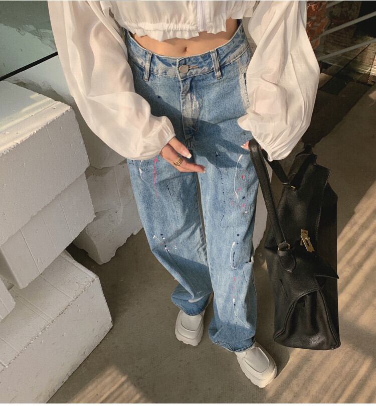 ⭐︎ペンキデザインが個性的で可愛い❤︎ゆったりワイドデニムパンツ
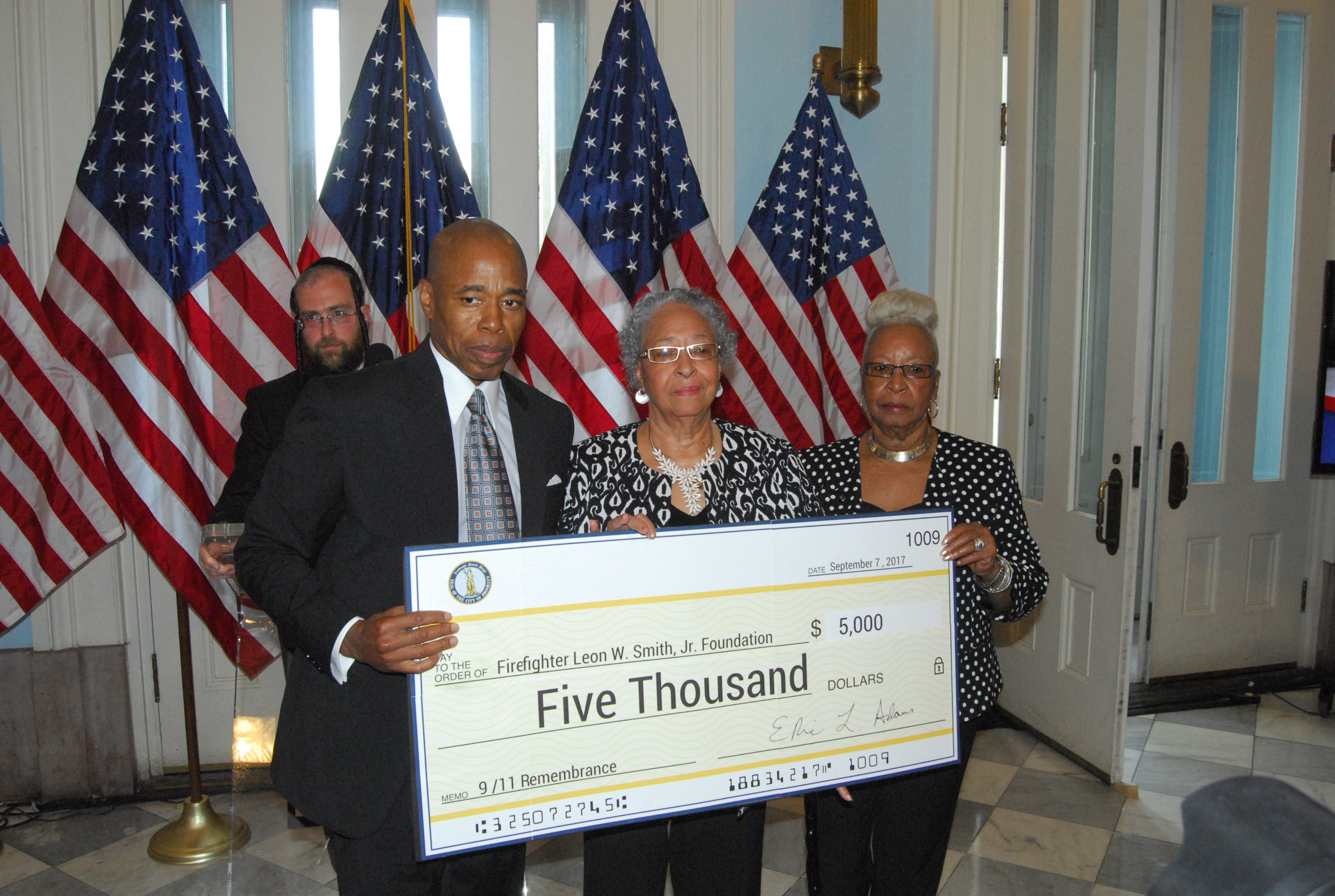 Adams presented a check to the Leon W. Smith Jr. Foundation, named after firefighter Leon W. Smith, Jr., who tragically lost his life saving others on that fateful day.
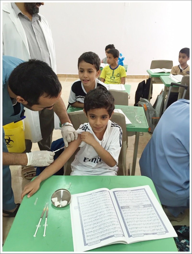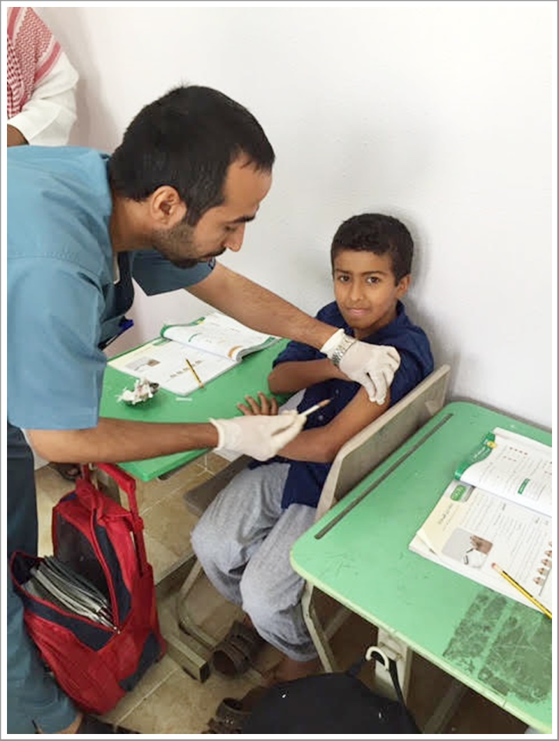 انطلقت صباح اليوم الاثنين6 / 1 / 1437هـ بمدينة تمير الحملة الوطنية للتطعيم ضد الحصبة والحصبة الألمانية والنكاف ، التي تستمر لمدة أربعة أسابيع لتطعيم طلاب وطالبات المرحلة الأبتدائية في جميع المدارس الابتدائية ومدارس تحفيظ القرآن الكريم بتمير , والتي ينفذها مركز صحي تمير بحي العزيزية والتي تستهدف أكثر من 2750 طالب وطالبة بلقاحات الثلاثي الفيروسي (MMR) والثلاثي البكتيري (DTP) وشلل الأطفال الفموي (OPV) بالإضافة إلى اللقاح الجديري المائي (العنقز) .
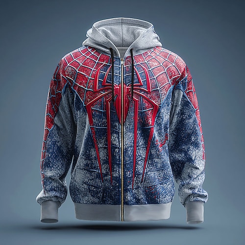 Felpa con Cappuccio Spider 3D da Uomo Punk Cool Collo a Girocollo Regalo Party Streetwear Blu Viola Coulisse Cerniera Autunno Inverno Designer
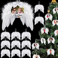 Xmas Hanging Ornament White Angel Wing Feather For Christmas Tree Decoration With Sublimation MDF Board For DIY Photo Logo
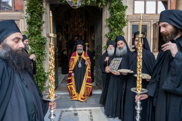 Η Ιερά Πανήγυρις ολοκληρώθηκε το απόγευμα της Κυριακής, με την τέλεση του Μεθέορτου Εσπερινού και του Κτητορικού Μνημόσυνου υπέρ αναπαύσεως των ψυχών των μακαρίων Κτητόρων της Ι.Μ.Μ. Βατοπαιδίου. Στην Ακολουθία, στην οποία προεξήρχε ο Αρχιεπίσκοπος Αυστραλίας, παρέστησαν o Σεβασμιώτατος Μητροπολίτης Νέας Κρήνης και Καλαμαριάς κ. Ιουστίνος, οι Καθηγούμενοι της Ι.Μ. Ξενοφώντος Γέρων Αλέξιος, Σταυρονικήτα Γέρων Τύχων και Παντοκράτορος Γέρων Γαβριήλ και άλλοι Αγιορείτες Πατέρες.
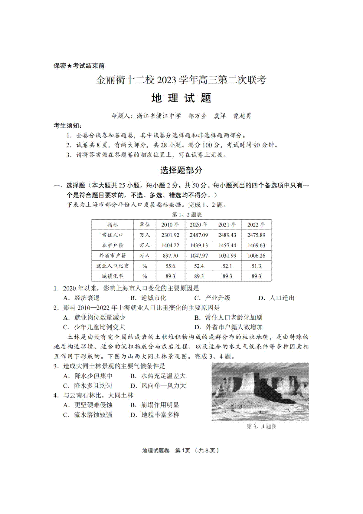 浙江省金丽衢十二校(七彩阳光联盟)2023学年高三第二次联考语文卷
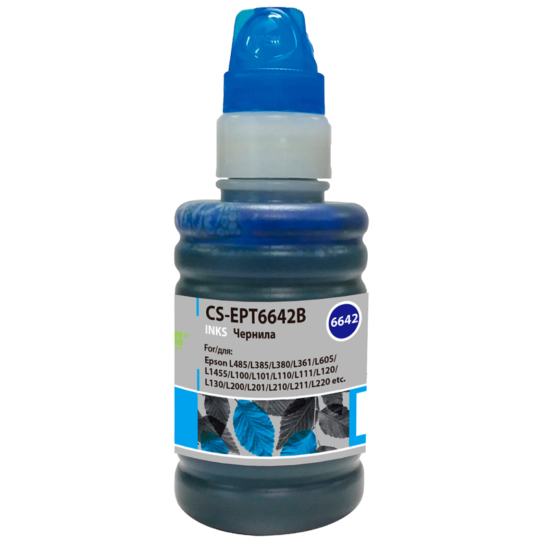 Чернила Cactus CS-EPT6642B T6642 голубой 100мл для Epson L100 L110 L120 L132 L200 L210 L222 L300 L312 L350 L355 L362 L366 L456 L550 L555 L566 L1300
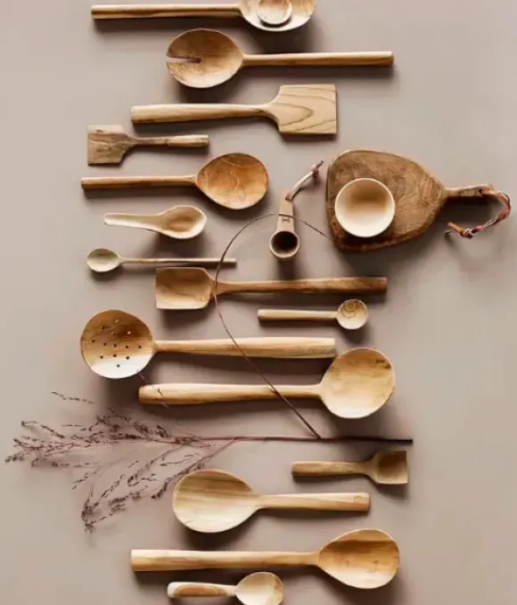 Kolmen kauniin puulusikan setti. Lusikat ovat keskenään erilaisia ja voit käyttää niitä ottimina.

--

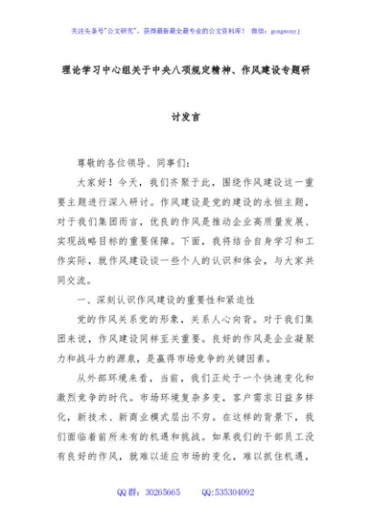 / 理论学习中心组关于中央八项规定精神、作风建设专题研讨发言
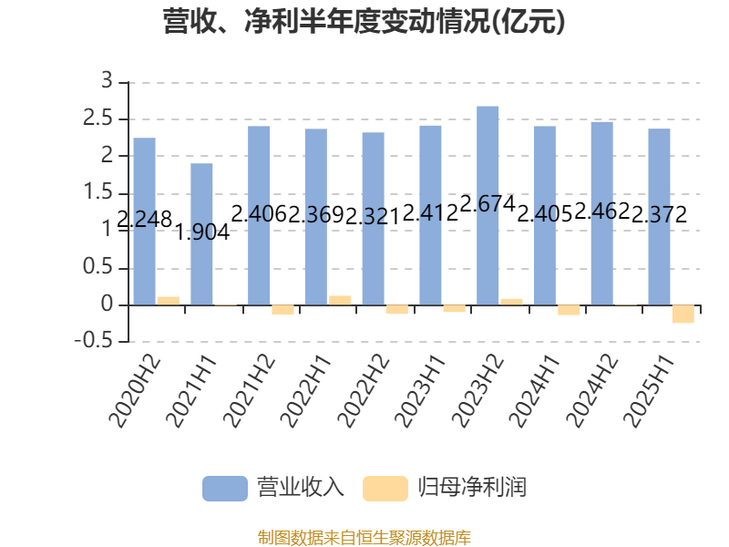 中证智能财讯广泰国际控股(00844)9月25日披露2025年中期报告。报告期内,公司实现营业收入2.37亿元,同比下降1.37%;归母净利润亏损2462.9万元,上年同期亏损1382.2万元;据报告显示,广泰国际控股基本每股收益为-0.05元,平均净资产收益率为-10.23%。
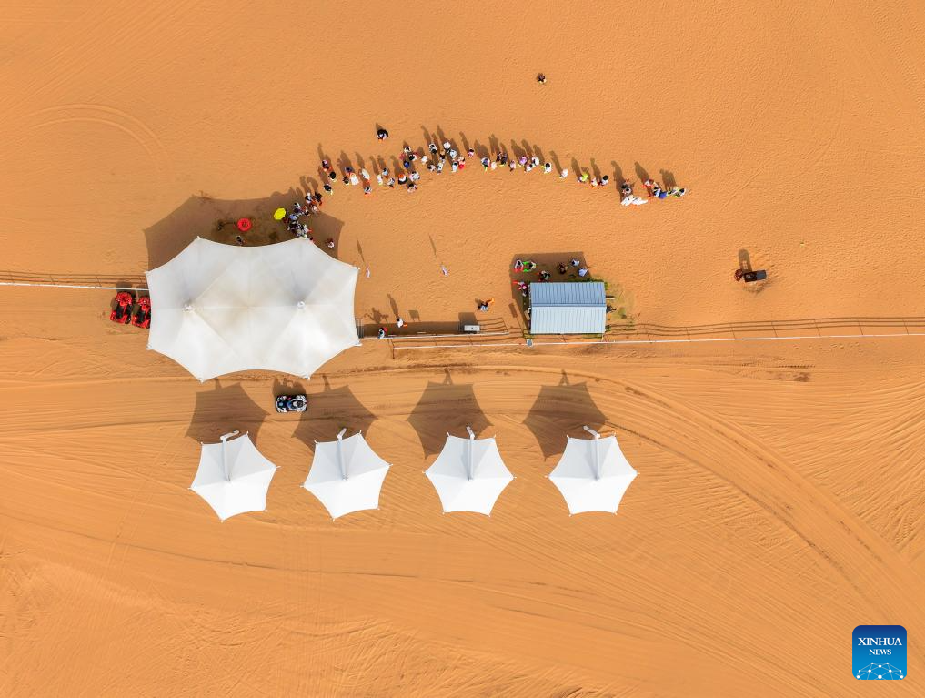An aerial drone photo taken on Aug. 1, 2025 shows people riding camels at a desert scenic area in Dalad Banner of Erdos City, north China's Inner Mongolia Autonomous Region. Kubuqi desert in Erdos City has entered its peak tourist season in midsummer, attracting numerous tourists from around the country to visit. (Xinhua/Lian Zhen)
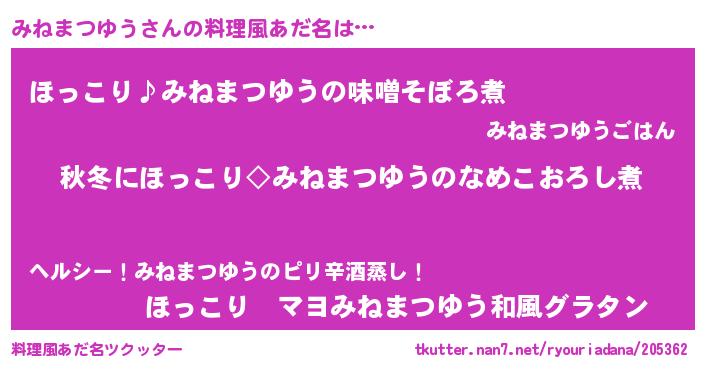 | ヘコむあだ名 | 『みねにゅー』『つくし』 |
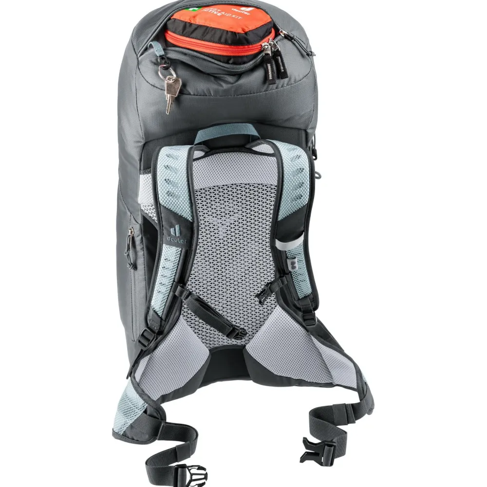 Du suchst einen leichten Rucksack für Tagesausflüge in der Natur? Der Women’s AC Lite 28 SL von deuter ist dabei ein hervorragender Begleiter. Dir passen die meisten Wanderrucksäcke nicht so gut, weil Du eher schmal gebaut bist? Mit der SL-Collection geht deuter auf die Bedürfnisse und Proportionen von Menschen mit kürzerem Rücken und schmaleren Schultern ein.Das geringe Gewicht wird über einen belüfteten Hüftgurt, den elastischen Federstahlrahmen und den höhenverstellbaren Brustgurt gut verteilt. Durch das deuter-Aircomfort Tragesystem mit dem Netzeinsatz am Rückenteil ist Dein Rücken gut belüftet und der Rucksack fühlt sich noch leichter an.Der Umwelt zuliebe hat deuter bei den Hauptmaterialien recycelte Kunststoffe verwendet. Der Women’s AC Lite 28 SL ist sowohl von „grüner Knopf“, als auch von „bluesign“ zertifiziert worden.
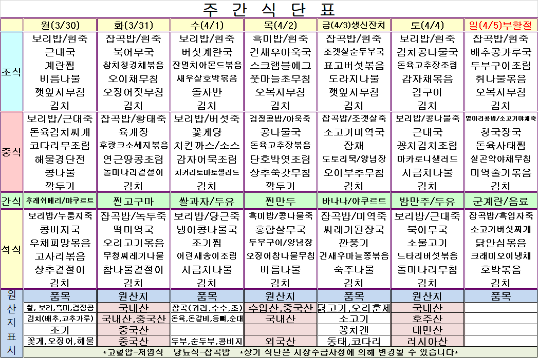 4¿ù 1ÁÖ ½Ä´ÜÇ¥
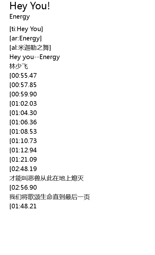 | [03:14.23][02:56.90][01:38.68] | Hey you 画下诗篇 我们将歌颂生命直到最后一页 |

• [Problem statement]:
In the listing above, find the line with "4¿ù 1ÁÖ ½Ä´ÜÇ¥" and the line with "画下诗篇 我们将歌颂生命直到最后一页 |". Set down both and every line between them, minus the pictures.

• [Solution to this exercise]:
 4¿ù 1ÁÖ ½Ä´ÜÇ¥
 | [03:14.23][02:56.90][01:38.68] | Hey you 画下诗篇 我们将歌颂生命直到最后一页 |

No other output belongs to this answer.